The Government Affairs and Services Committee advanced a recommendation to the assembly on a substitute ordinance for employee housing that would prohibit tents and impose sanitation requirements.

“We’re trying to hold employers to a standard that they need to pay people well enough so that they don’t have to live in a tent,” committee chair Heather Lende said on Tuesday.

Committee member Brenda Josephson agreed with Lende. Josephson said that doing so would eliminate “tent cities,” preserve the townsite area and limit tents to general use zones.

Committee member Sean Maidy disagreed with removing tents from employee housing. He said as long as an employer offers proper facilities up to standards, he doesn’t think it’s the Haines Borough’s place to tell employees what they can’t choose.

The committee unanimously agreed to add sanitation requirements to code. Borough planner Holly Smith said she will add a mandate to the ordinance to include a required number of toilets per a set number of employees, using government agency health and safety regulations as a guideline.

Smith proposed a substitute ordnance that eliminates employee housing from accessory use and establishes special approval criteria after the planning commission’s decision to separate the two in July 2018.

The committee’s recommendations will be brought the Haines Borough Assembly for review.

On Tuesday, the committee also killed the borough clerk’s recommendation to increase burial rates, keeping them at $350 per person for burials and cremations. The proposed increase would have increased the fee to $600 per person, and charge $100 to reserve a plot.

Borough manager Debra Schnabel said the current $350 covers labor and equipment, but does not account for the cost of expanding, developing and maintaining the cemetery.

Committee members Lende and Josephson opposed the increase. Committee members Maidy said not increasing fees to meet the cost of service puts too large a burden on the volunteers, who perform the various responsibilities of handling the deceased.

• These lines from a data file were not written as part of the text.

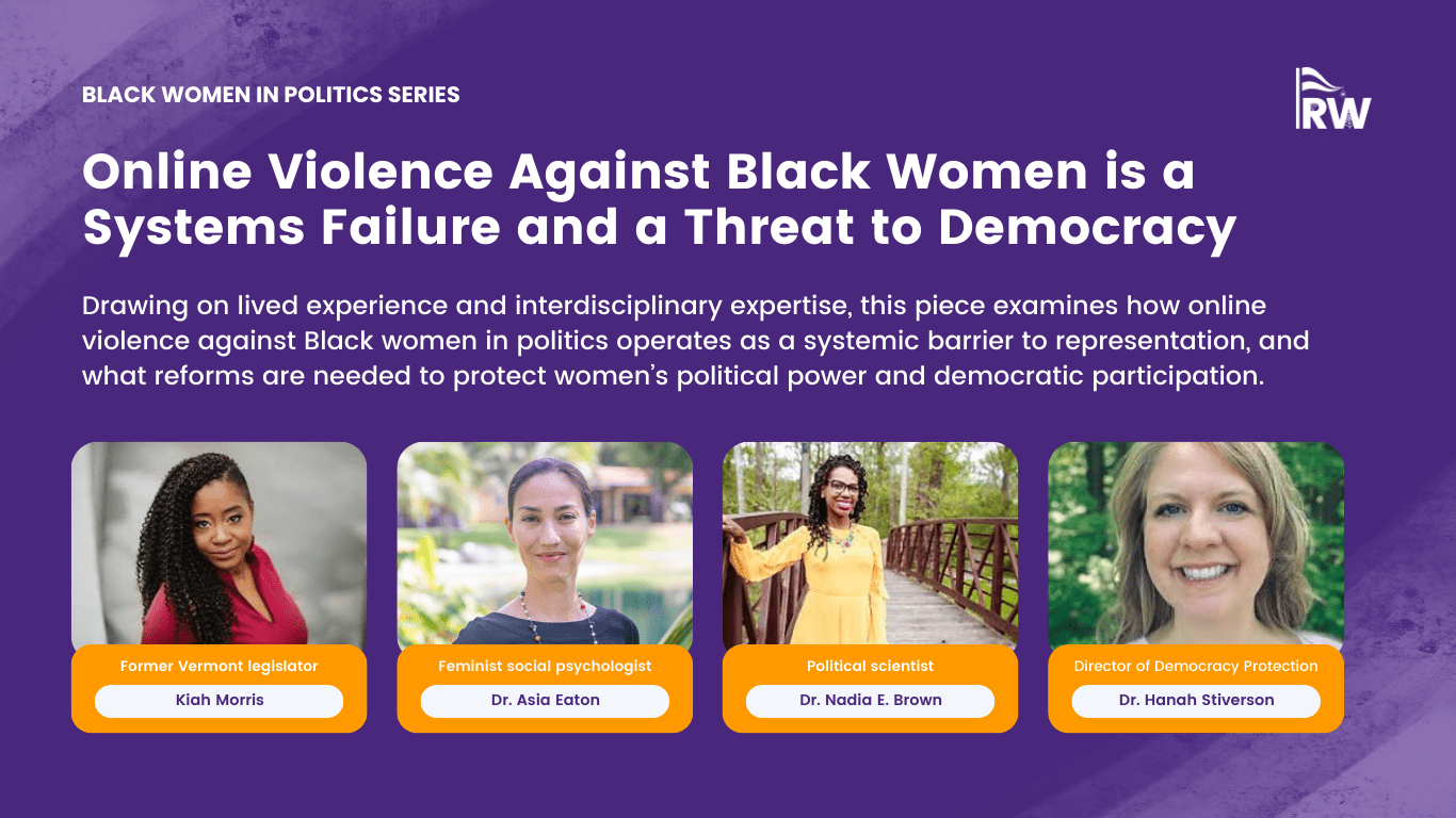 That reality is at the center of our latest installment of the Black Women in Politics series, released at the end of last month. Through in-depth conversations with former Vermont State Representative Kiah MorrisDr. Nadia E. BrownDr. Asia Eaton and Dr. Hanah Stiverson, we set out to understand how digital abuse, institutional inaction, and outdated legal frameworks converge to push women, especially Black women, out of political life. These conversations were honest, difficult and deeply illuminating. Together, they make clear that online violence is not an individual problem to be endured, but a system failure that depletes our leadership pipeline and weakens democracy itself.
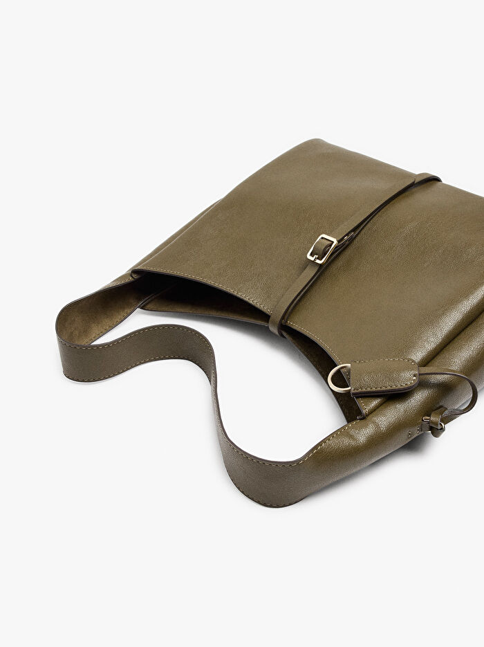 Büyük omuz çantası. Astar ve iç cep. Dekoratif tokalı manyetik kayış ile kapatma. Bir tarafta çıkarılabilir charm. Sabit askı.
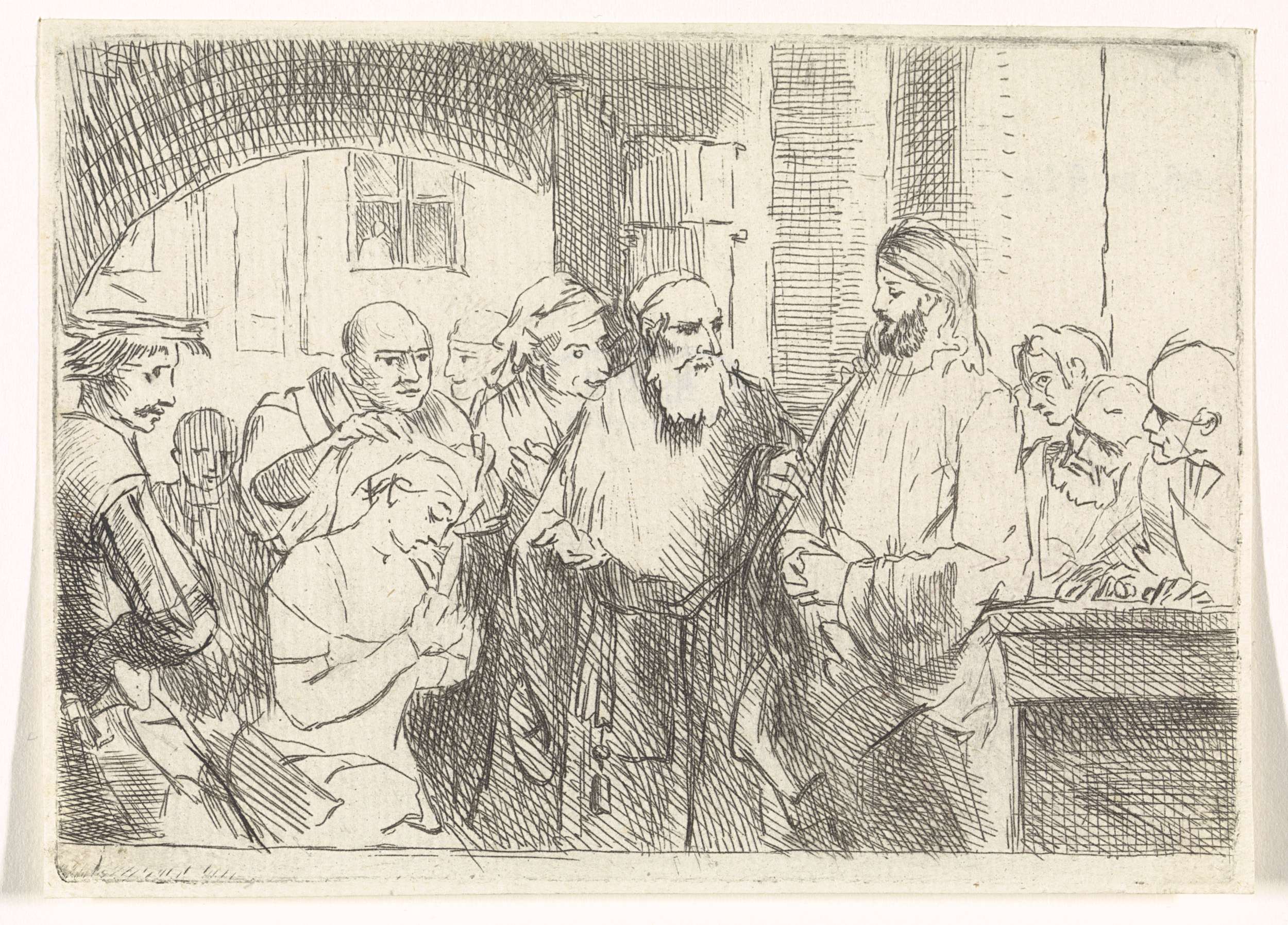 De Farizeeën brengen een overspelige vrouw naar Christus om hem te laten oordelen over haar vergrijp. De vrouw knielt voor Christus. De priester staat tussen hen in, omstanders kijken toe.

“I’m not looking to make money off it,” Maidy said, “I’m looking to just break even, which if we don’t increase the fee, we won’t.”

Josephson said that since volunteers who do the work have spoken against raising fees, she can’t support the increase.

In public testimony at the Feb. 12 assembly meeting, volunteer medical technician Cindy Jones said she is on the ambulance crew that picks up a body for free, and she also helps prepare bodies for burial. “To raise it this much I think is really excessive and I would really like to see you folks revisit this,” she said.